In the listing below, find the line containing "À l'étage supérieur: galerie" and the line containing "现代酒店会议室3D模型下载". Repeat exactly those two lines and every line between them, nothing more.

[Input records Boundary: Start]

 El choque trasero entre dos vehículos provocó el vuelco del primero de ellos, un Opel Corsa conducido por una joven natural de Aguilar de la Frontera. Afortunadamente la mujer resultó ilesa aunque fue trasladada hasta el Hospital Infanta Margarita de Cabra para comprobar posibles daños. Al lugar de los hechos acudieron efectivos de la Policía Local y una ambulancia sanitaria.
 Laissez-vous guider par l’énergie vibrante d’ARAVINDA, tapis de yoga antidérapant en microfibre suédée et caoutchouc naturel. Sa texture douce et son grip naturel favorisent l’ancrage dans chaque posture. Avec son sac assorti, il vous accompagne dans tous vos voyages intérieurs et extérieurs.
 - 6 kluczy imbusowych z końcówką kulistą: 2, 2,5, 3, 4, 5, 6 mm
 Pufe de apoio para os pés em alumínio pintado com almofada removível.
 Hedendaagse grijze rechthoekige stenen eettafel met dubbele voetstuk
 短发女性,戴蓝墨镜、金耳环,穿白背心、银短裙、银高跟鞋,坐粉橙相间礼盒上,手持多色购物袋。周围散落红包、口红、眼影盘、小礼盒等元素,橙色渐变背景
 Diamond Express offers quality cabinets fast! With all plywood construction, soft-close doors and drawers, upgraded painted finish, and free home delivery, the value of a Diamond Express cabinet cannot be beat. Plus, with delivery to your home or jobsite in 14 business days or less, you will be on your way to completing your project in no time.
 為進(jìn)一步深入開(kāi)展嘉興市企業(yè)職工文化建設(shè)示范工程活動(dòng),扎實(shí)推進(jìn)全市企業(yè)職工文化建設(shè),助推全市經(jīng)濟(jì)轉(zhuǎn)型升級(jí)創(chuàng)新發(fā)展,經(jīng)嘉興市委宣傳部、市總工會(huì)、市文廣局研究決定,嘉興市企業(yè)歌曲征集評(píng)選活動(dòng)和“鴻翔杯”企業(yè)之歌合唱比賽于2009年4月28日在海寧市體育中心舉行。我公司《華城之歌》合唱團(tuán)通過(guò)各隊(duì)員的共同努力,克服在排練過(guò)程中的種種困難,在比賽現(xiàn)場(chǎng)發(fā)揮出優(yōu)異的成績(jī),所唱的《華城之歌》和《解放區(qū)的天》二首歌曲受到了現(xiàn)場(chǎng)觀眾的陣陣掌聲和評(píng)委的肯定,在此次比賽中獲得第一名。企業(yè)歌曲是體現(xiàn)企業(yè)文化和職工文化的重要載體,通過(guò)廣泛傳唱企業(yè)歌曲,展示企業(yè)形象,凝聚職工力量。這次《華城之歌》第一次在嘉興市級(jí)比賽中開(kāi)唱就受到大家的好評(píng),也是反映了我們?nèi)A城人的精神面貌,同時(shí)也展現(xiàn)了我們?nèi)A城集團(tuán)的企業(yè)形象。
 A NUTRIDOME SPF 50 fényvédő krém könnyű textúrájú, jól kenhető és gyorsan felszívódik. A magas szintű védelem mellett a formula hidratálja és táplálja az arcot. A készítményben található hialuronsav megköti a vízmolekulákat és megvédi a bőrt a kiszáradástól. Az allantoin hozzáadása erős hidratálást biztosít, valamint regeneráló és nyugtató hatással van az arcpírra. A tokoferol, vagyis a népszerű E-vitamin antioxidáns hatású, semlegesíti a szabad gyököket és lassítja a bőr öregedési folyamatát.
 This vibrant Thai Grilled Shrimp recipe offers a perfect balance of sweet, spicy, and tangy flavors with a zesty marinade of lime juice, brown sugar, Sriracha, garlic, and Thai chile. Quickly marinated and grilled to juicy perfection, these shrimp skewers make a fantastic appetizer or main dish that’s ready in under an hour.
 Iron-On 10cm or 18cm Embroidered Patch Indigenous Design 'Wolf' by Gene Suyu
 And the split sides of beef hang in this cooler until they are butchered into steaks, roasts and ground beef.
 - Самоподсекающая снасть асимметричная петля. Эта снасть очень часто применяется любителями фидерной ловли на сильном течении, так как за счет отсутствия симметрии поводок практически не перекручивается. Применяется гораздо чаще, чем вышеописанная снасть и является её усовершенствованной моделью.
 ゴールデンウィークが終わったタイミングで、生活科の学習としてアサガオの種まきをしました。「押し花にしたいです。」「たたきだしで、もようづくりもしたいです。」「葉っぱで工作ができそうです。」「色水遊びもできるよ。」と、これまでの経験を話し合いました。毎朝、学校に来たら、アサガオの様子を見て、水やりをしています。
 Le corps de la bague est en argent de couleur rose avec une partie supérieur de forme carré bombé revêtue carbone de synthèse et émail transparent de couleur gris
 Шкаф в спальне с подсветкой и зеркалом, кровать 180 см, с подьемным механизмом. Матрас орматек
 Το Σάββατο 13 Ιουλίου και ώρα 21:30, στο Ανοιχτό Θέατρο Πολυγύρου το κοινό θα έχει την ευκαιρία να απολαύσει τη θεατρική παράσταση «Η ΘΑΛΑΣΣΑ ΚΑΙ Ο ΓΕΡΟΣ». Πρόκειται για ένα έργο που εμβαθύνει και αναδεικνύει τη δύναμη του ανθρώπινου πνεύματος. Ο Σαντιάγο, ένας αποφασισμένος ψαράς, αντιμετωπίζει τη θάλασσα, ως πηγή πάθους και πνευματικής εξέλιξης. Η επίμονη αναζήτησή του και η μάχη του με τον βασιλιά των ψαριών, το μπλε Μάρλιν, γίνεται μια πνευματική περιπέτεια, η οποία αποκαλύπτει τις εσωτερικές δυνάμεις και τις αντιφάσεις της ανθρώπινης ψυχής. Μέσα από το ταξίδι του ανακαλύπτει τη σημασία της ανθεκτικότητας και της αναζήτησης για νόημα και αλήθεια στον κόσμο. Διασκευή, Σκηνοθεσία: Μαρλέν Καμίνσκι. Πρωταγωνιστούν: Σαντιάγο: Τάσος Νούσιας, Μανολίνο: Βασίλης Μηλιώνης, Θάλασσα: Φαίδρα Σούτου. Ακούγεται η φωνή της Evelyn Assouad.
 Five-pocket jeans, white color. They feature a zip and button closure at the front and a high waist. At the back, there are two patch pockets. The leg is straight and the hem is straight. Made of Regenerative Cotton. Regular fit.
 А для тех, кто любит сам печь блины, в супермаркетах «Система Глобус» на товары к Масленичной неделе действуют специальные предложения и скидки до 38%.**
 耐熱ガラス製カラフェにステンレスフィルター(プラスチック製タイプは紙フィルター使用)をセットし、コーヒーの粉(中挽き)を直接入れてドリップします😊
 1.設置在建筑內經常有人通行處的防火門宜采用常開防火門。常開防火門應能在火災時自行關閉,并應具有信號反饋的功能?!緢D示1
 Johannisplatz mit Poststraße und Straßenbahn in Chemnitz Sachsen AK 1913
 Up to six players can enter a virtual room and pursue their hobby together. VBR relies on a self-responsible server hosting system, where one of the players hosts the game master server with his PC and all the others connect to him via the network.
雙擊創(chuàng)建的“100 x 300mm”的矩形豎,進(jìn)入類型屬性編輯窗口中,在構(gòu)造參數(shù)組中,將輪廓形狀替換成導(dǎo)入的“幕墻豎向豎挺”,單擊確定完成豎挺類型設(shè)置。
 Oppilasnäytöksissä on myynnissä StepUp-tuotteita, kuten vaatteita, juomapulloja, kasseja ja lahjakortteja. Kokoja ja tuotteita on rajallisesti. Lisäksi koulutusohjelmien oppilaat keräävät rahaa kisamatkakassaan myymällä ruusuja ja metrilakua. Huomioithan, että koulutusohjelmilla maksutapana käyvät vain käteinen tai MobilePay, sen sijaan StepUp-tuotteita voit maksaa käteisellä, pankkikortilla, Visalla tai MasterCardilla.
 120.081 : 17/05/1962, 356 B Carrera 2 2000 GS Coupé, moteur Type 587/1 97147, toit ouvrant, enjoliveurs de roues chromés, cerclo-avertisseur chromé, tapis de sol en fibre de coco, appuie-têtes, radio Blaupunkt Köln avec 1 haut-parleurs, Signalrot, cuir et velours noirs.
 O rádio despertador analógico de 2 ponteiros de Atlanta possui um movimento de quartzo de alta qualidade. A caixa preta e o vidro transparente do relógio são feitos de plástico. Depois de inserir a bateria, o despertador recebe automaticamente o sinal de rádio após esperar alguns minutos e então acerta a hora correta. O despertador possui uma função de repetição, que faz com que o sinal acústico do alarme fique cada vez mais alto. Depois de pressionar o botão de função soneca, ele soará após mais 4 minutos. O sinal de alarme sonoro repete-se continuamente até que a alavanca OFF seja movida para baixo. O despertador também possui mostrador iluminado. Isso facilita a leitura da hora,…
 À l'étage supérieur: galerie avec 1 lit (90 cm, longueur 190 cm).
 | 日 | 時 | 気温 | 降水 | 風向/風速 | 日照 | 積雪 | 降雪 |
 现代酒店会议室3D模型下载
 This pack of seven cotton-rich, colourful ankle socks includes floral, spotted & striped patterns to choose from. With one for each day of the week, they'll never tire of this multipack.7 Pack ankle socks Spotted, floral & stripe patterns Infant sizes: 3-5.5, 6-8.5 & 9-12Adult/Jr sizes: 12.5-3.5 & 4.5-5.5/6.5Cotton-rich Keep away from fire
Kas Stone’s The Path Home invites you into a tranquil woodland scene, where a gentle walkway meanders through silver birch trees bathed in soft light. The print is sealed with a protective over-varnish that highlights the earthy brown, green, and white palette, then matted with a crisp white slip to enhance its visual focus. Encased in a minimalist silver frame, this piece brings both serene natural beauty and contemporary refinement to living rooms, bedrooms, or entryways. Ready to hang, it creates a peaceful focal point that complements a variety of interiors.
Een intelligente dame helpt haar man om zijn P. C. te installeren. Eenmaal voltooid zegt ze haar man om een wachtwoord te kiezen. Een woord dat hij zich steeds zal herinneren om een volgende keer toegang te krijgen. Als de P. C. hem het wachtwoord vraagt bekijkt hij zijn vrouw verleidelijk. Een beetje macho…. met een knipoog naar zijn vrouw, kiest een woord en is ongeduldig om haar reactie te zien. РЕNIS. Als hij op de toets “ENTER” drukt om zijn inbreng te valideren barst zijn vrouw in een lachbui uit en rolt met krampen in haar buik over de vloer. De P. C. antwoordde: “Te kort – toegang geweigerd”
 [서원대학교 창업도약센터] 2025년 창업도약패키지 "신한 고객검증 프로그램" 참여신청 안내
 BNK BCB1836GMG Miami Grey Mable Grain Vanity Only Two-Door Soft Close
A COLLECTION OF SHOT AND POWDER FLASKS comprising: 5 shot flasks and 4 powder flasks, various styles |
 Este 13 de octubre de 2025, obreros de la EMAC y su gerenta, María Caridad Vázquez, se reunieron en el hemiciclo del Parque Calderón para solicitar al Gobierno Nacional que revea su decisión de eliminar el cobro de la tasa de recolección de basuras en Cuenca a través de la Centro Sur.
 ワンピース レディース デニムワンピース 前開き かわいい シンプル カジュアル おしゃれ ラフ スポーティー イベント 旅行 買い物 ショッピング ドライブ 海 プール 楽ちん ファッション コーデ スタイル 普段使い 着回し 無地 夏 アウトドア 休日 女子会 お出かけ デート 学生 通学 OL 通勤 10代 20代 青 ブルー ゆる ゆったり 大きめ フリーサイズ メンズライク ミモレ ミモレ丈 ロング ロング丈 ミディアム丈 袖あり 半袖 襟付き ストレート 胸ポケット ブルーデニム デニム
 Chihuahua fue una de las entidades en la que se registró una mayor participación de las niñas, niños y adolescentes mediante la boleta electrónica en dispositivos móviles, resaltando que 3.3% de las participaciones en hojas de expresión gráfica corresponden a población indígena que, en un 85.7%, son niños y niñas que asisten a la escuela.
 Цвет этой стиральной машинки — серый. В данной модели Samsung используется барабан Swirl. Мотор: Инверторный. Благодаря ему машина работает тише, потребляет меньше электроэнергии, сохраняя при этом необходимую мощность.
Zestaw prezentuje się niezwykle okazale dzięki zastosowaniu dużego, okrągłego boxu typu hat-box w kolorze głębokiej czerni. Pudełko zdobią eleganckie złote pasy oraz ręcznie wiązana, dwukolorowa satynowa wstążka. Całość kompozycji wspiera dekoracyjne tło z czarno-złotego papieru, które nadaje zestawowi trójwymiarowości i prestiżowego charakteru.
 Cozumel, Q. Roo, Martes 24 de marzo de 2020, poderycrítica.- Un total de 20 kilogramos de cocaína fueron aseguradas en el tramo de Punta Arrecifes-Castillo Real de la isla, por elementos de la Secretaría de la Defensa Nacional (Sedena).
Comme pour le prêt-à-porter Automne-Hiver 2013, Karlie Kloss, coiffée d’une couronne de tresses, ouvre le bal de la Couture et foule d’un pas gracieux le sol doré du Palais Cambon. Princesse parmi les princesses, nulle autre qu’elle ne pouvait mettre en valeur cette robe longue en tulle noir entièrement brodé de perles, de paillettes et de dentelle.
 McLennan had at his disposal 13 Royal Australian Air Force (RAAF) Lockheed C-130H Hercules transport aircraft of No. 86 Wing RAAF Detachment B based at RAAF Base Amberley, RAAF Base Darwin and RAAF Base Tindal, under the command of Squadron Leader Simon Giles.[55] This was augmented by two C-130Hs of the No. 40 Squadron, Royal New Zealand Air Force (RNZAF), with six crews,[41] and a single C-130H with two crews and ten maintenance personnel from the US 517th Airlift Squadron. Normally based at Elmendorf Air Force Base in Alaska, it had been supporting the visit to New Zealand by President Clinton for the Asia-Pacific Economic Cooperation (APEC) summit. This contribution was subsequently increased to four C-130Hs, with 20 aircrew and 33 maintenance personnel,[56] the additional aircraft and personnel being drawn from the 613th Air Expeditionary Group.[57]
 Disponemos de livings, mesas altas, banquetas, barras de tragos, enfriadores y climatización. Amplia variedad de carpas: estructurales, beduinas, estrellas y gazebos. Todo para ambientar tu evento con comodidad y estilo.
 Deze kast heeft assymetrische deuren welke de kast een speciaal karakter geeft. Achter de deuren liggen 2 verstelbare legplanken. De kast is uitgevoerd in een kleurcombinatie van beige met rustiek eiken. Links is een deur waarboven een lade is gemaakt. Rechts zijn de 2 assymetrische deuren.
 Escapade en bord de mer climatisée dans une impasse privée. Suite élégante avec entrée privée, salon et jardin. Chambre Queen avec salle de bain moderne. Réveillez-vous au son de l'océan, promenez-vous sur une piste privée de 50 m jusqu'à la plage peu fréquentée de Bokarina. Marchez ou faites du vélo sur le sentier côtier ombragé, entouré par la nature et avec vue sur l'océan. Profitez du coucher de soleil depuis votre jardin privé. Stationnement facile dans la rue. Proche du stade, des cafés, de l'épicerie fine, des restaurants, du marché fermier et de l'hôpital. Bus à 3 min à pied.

[Input records Boundary: End]

Response to the task
 À l'étage supérieur: galerie avec 1 lit (90 cm, longueur 190 cm).
 | 日 | 時 | 気温 | 降水 | 風向/風速 | 日照 | 積雪 | 降雪 |
 现代酒店会议室3D模型下载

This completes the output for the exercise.